Data records:

┏━━

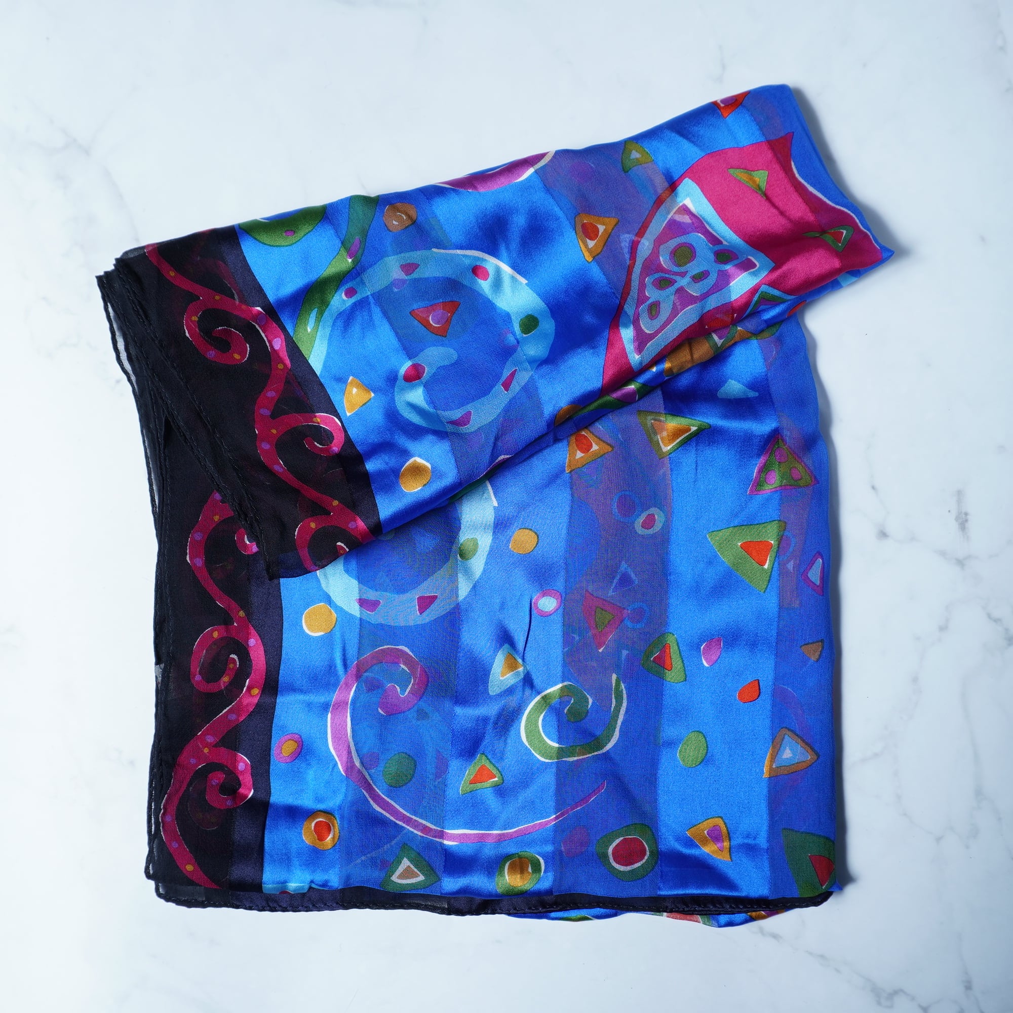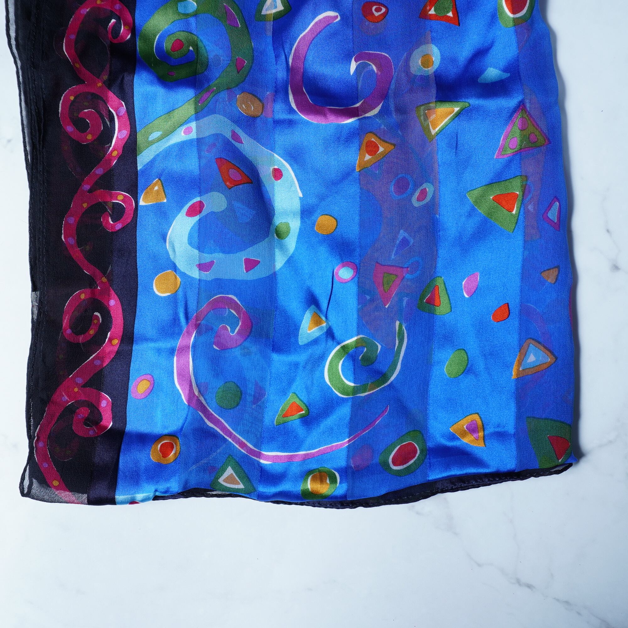 【Yves Saint Laurent】イヴサンローラン ”SILK100%”大判スカーフ blue & black & red
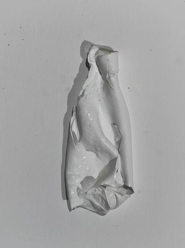 在第一组作品中,艺术家以A4纸的平面、被撕破重组的立体瓶子与莫兰迪色彩体系为核心媒介。这组被评论家视为“规约的悖论”的系列,将A4纸的标准化视为全球现代文明行政体制的隐喻,被撕破的瓶子则象征着物性对规训的突围,而覆盖其上的莫兰迪色系,则构成了另一种温和而稳固的文化权力体制。三者间的叠加与碰撞,形成了一场关于秩序、反抗与共存的视觉论辩。
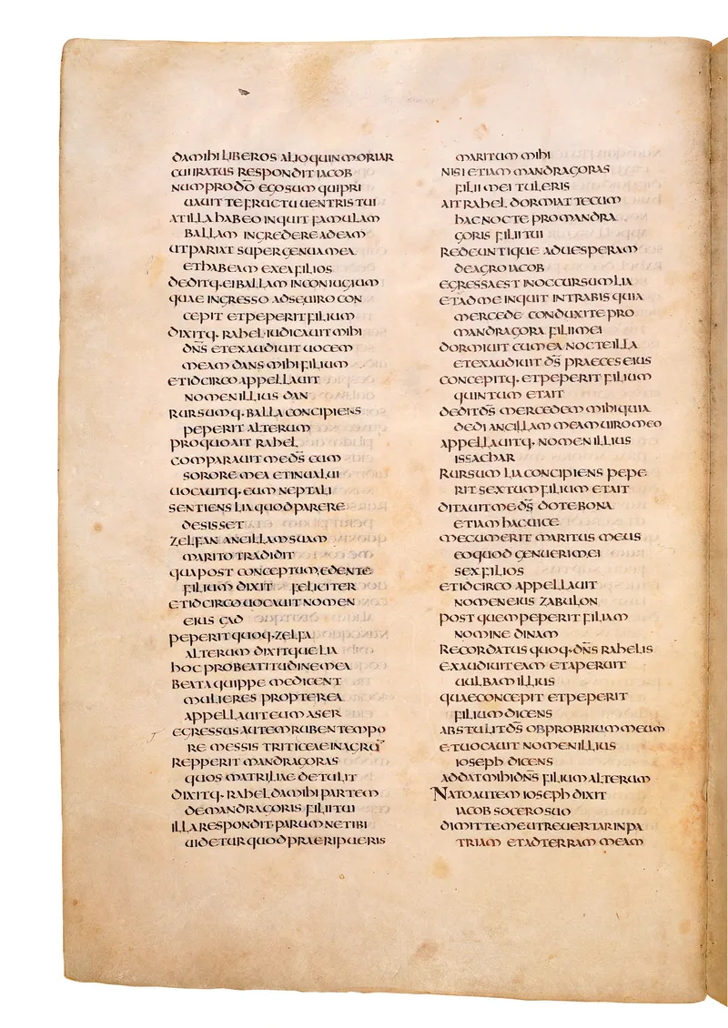 Folio of the Codex Amiatinus, the oldest surviving complete Latin Vulgate manuscript, made c. 700 AD at the twin Northumbrian monasteries of Monkwearmouth and Jarrow under Abbot Ceolfrith. Approximately corresponds to Genesis 37 in Vulgate book order. The page shows the actual eighth-century insular-uncial script as it would have been read by the monks who produced it for Pope Gregory II.
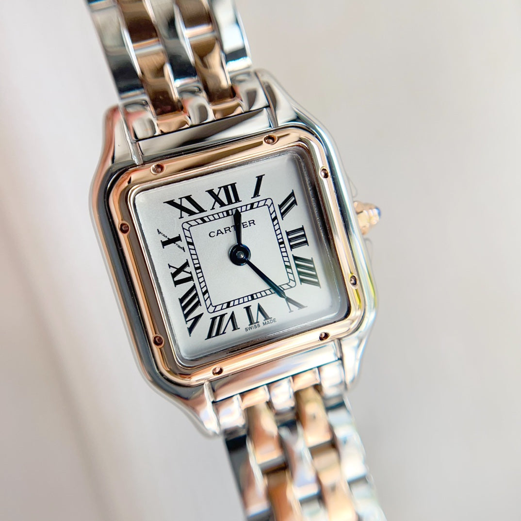 PANTHERE 27MM PINK GOLD SILVER CASE DIAMOND BEZEL WHITE DIAL (BEST VERSION)
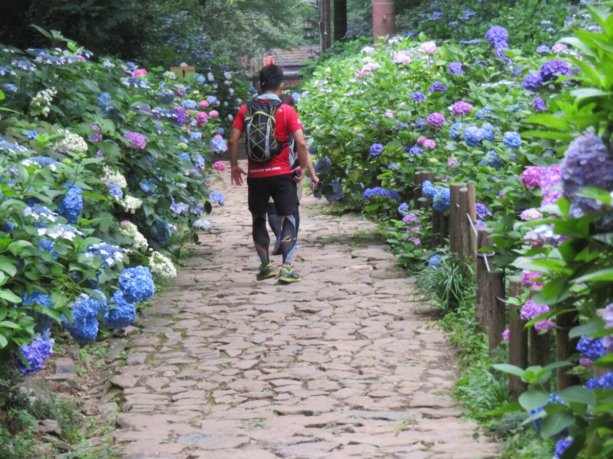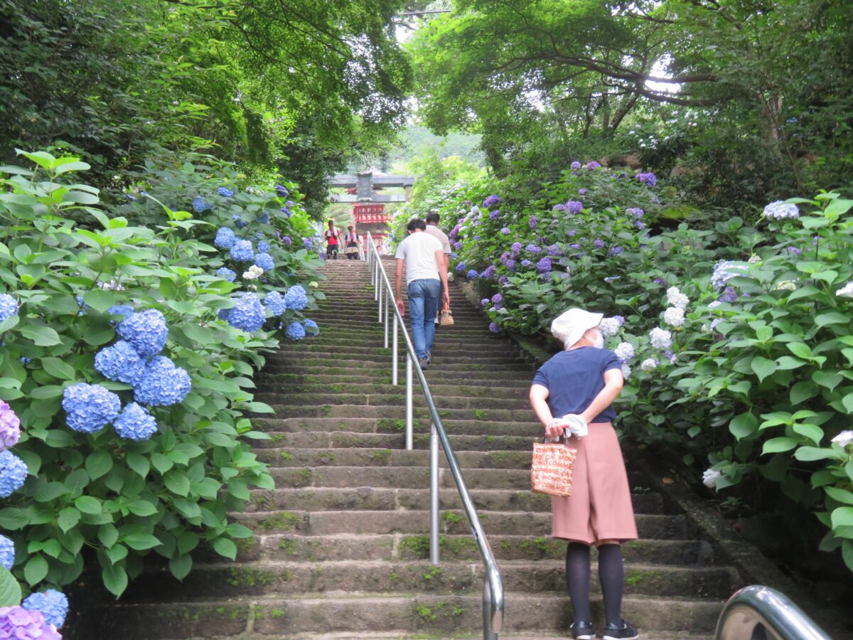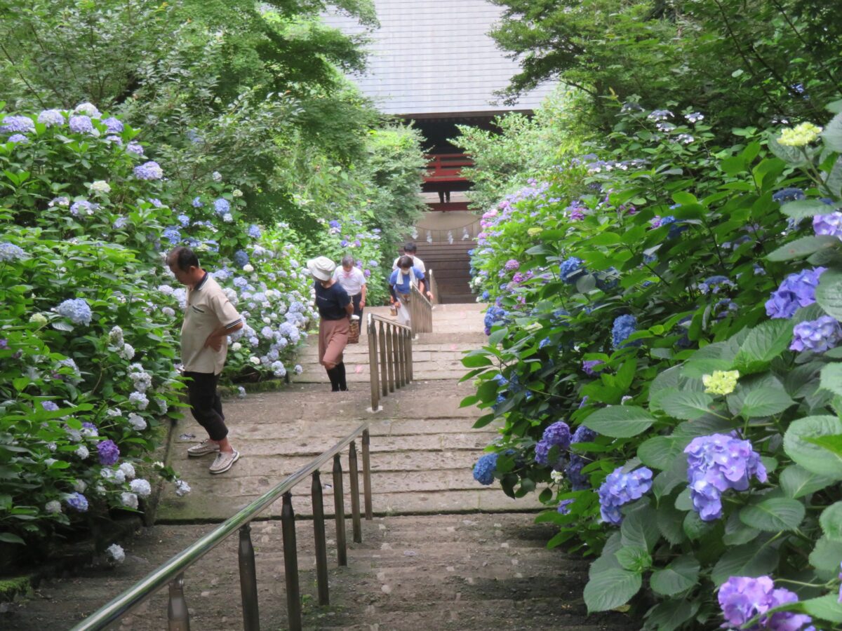 あじさいの花が左右を彩る石階段
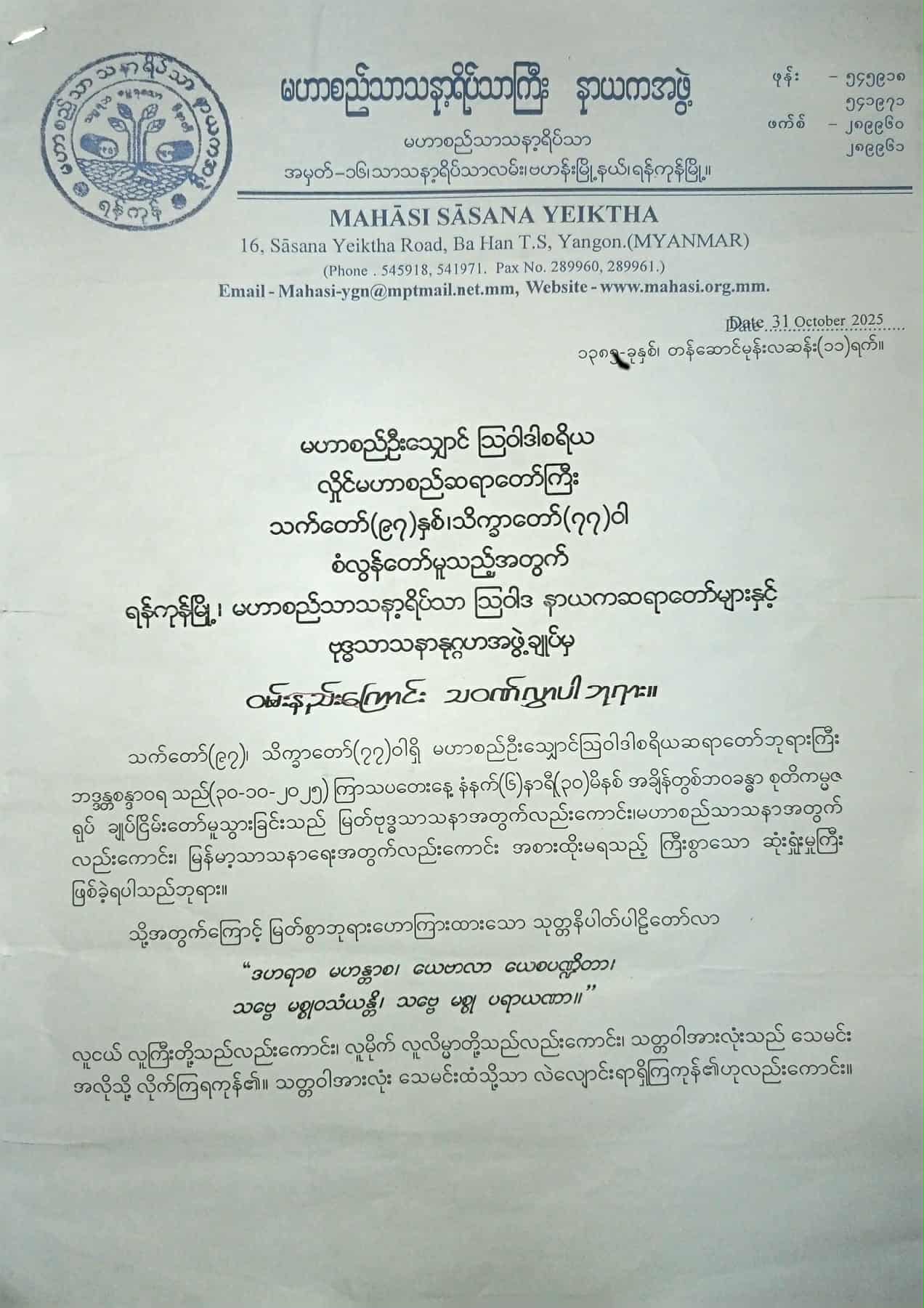 (31.10.2025)ရန်ကုန်မြို့ ၊ မဟာစည်သာသနာ့ရိပ်သာ သြဝါဒ နာယကဆရာတော်များနှင့် ဗုဒ္ဓသာသနာနုဂ္ဂဟအဖွဲ့ချုပ်မှ ဝမ်းနည်းကြောင်း သဝဏ်လွှာပါဘုရား
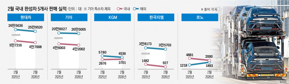 3ÀÏ Çö´ëÀÚµ¿Â÷¡¤±â¾Æ¡¤KG¸ðºô¸®Æ¼(KGM)¡¤GM Çѱ¹»ç¾÷Àå(Çѱ¹Áö¿¥)¡¤¸£³ëÄÚ¸®¾ÆÀÇ 2¿ù Á¾ÇÕ ÆÇ¸Å·®Àº ÃÑ 60¸¸2689´ë·Î Áý°èµÆ´Ù. ÀÌ´Â Àü³â µ¿¿ù ´ëºñ 4.56% °¨¼ÒÇÑ ¼öÄ¡´Ù. À̵é 5»ç´Â ±â¾Æ Ư¼öÂ÷¸¦ Á¦¿ÜÇϰí´Â ³»¼ö 9¸¸5638´ë, ÇØ¿Ü 50¸¸6657´ë¸¦ ÆÇ¸ÅÇß´Ù. ³»¼ö ÆÇ¸Å·®Àº Áö³ÇØ °°Àº ±â°£º¸´Ù 14.8% °¨¼ÒÇß°í ÇØ¿Üµµ 2.34% ÁÙ¾ú´Ù.
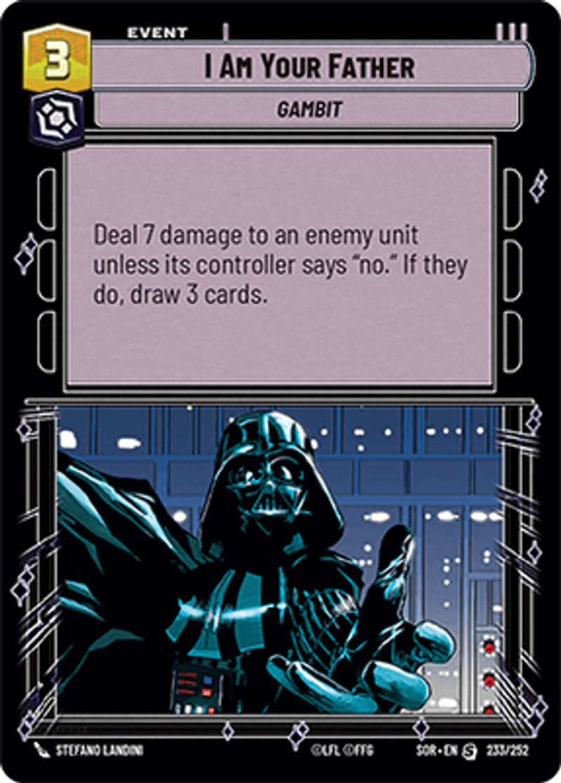 I Am Your FatherGambitDeal 7 damage to an enemy unit unless its controller says "no." If they do, draw 3 cards.Stefano Landini
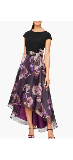 Women’s Formal Dress Size 14W SLNY Black Purple Floral Tie Hi-low Tie Waist Gown$99Orland Park, IL
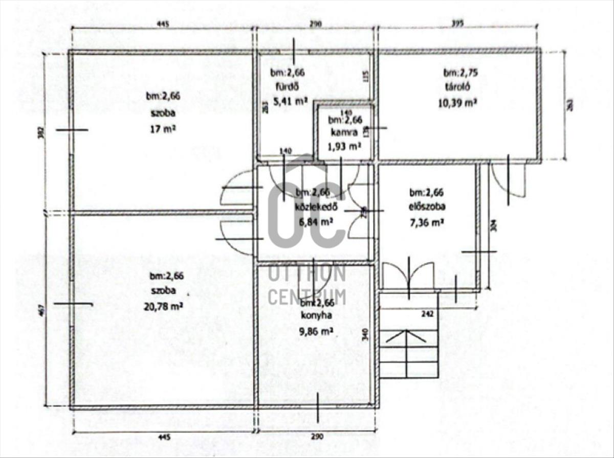 80 m2-es lakóingatlant, ( 2 szoba, konyha, fürdőszoba, előszoba, közlekedő, kamra található)

┗━━

Assignment
Pictures are not part of the answer. Restate word for word the lines from the one with "PANTHERE 27MM PINK" through the last line of the records.

Written solution
 PANTHERE 27MM PINK GOLD SILVER CASE DIAMOND BEZEL WHITE DIAL (BEST VERSION)
 あじさいの花が左右を彩る石階段
 (31.10.2025)ရန်ကုန်မြို့ ၊ မဟာစည်သာသနာ့ရိပ်သာ သြဝါဒ နာယကဆရာတော်များနှင့် ဗုဒ္ဓသာသနာနုဂ္ဂဟအဖွဲ့ချုပ်မှ ဝမ်းနည်းကြောင်း သဝဏ်လွှာပါဘုရား
 3ÀÏ Çö´ëÀÚµ¿Â÷¡¤±â¾Æ¡¤KG¸ðºô¸®Æ¼(KGM)¡¤GM Çѱ¹»ç¾÷Àå(Çѱ¹Áö¿¥)¡¤¸£³ëÄÚ¸®¾ÆÀÇ 2¿ù Á¾ÇÕ ÆÇ¸Å·®Àº ÃÑ 60¸¸2689´ë·Î Áý°èµÆ´Ù. ÀÌ´Â Àü³â µ¿¿ù ´ëºñ 4.56% °¨¼ÒÇÑ ¼öÄ¡´Ù. À̵é 5»ç´Â ±â¾Æ Ư¼öÂ÷¸¦ Á¦¿ÜÇϰí´Â ³»¼ö 9¸¸5638´ë, ÇØ¿Ü 50¸¸6657´ë¸¦ ÆÇ¸ÅÇß´Ù. ³»¼ö ÆÇ¸Å·®Àº Áö³ÇØ °°Àº ±â°£º¸´Ù 14.8% °¨¼ÒÇß°í ÇØ¿Üµµ 2.34% ÁÙ¾ú´Ù.
 I Am Your FatherGambitDeal 7 damage to an enemy unit unless its controller says "no." If they do, draw 3 cards.Stefano Landini
 Women’s Formal Dress Size 14W SLNY Black Purple Floral Tie Hi-low Tie Waist Gown$99Orland Park, IL
 80 m2-es lakóingatlant, ( 2 szoba, konyha, fürdőszoba, előszoba, közlekedő, kamra található)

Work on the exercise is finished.